The academic interrogation of an issue leads to comprehension of its complexity; it does not (nor should it) lead to joining a party or marching down Main Street. That is what I mean by saying that the issue shouldn’t be taken normatively; taking it that way would require following its paths and byways to the point where one embarks upon a course of action; taking it academically requires that one stop short of action and remain in the realm of deliberation so long as the academic context is in session; action, if it comes, comes later or after class.
(continued due to character limit)
On multiple occasions, I've seen people here gripe about collegians being unable, on campus, to say whatever suits them. Just as parents draw a line about what of their guidance is open for debate, college students face constraints on what they can and cannot say in an academic context. To wit, the experience and insights I impart to my kids aren't by them things to question. When they have the life experience, intellectual knowledge and acuity to make their own marks in the world and not depend on the ones I've made for their sufficiency, I will have achieved my goal of raising them, and at that point all of my input will for them be reduced to suggestion status, whereupon they become free to conduct their affairs as they see fit, free to express themselves as they desire, and free to raise their own kids as I raised them or differently.
The same concept applies in higher education settings. When students reach the point that they have original ideas that withstand rigorous scrutiny, the discipuli will have then earned the right to speak freely on topics that capture their interest and that fall within the scope of their expertise.

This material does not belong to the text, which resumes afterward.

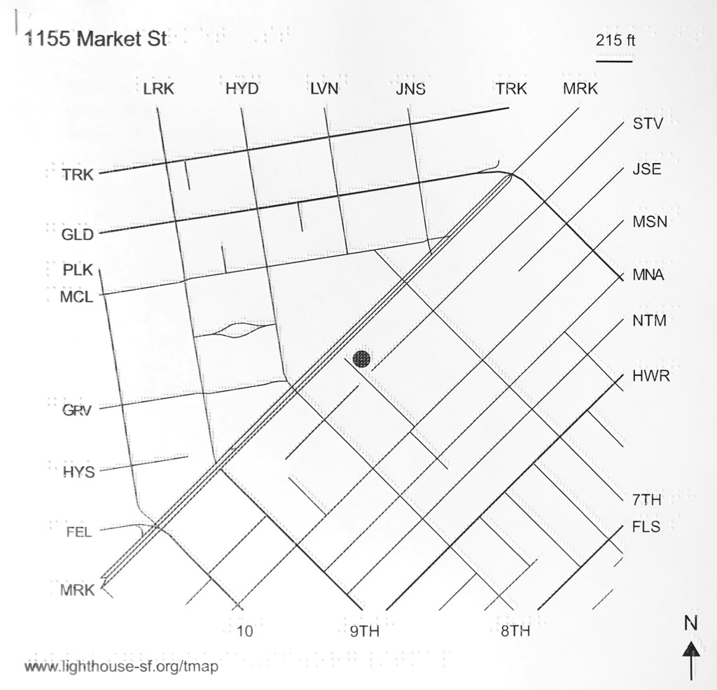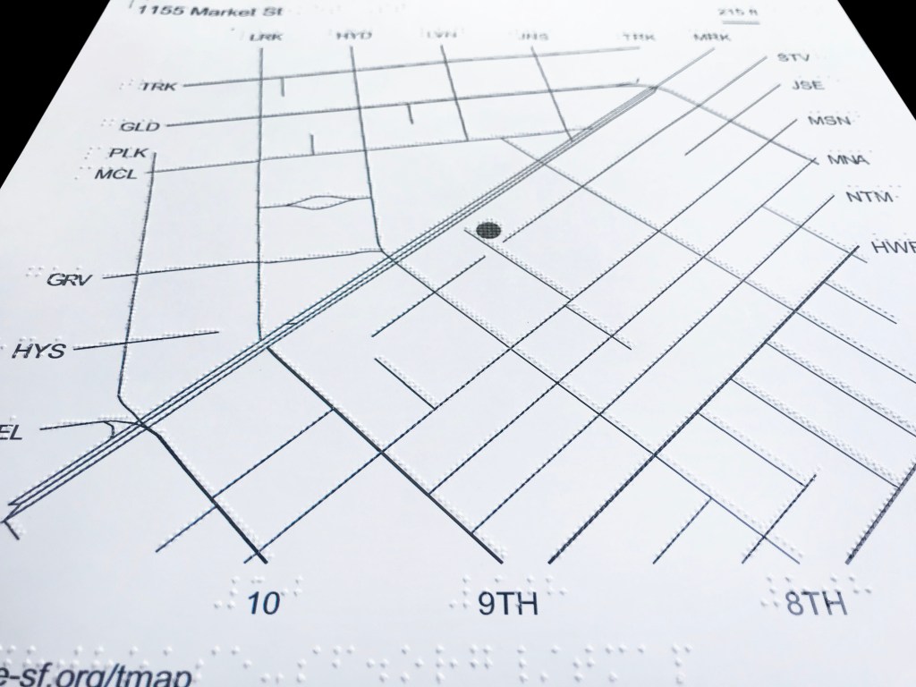 The maps below were produced at LightHouse for the Blind in San Francisco. The street maps are by TMAP (Tactile Maps Automated Production), an automated mapping tool that generates tactile map files with unprecedented speed, cost, and usability.

Until then, however, they need to sit down, take notes and, where/when fitting, ask intelligent questions.
Freedom of speech is not an academic value. Accuracy of speech is an academic value; completeness of speech is an academic value; relevance of speech is an academic value. Each of these values is directly related to the goal of academic inquiry: getting a matters of fact and inference right. The operative commonplace is "following the evidence wherever it leads." One can’t do that if one's sources are suspect or nonexistent; one can’t do that if one only considers evidence favorable to one's preferred predicates; one can’t do that if one's evidence is far afield and hasn’t been persuasively connected to the instant matter of fact.
Nor can one follow the evidence wherever it leads if what guides one be a desire that inquiry reach a conclusion sympathetic to one's political views. If free speech is not an academic value because it is not the value guiding inquiry, free political speech becomes antithetical to inquiry: it skews inquiry in advance, one achieves one's end from the get-go.

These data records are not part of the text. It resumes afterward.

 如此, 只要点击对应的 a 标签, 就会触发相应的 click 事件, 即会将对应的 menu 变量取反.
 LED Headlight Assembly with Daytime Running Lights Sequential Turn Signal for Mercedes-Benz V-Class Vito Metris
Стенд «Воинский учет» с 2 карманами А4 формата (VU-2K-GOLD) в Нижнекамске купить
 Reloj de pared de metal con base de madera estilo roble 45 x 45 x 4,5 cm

Speech is political if, when answering questions, one believes it is one's task to answer normatively rather than dialectically. Any number of topics taken up in a classroom will contain moral and political issues, issues like discrimination, inequality, institutional racism. Those issues should be studied, analyzed, and historicized, but they shouldn’t, in the classroom, be debated with a view to forming and prosecuting a remedial agenda.

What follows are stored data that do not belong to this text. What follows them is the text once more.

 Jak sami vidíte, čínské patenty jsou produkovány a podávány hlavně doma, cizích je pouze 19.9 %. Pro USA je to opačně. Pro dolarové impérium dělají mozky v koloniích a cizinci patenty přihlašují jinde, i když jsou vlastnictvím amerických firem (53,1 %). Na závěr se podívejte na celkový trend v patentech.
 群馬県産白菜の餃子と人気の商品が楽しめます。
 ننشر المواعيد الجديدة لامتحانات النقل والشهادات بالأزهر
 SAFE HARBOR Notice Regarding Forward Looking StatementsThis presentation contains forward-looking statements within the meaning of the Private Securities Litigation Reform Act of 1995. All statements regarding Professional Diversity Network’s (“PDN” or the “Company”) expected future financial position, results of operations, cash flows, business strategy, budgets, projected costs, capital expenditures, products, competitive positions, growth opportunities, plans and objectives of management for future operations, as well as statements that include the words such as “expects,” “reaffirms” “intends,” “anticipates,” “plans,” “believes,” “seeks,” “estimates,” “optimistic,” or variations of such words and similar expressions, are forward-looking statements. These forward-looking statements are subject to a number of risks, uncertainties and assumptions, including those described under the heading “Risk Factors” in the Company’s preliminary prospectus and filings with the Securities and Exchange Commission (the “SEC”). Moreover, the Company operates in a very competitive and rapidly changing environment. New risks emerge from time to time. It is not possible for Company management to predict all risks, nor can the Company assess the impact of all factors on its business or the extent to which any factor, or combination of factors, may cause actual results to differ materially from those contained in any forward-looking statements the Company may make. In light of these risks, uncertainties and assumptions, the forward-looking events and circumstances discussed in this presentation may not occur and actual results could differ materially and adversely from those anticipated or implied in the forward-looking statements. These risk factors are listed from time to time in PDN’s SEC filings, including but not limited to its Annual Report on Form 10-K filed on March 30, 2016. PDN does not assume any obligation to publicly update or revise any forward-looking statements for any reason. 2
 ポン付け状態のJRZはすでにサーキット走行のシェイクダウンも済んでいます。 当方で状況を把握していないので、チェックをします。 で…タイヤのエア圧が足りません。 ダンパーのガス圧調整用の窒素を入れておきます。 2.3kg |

The academic interrogation of an issue leads to comprehension of its complexity; it does not (nor should it) lead to joining a party or marching down Main Street. That is what I mean by saying that the issue shouldn’t be taken normatively; taking it that way would require following its paths and byways to the point where one embarks upon a course of action; taking it academically requires that one stop short of action and remain in the realm of deliberation so long as the academic context is in session; action, if it comes, comes later or after class.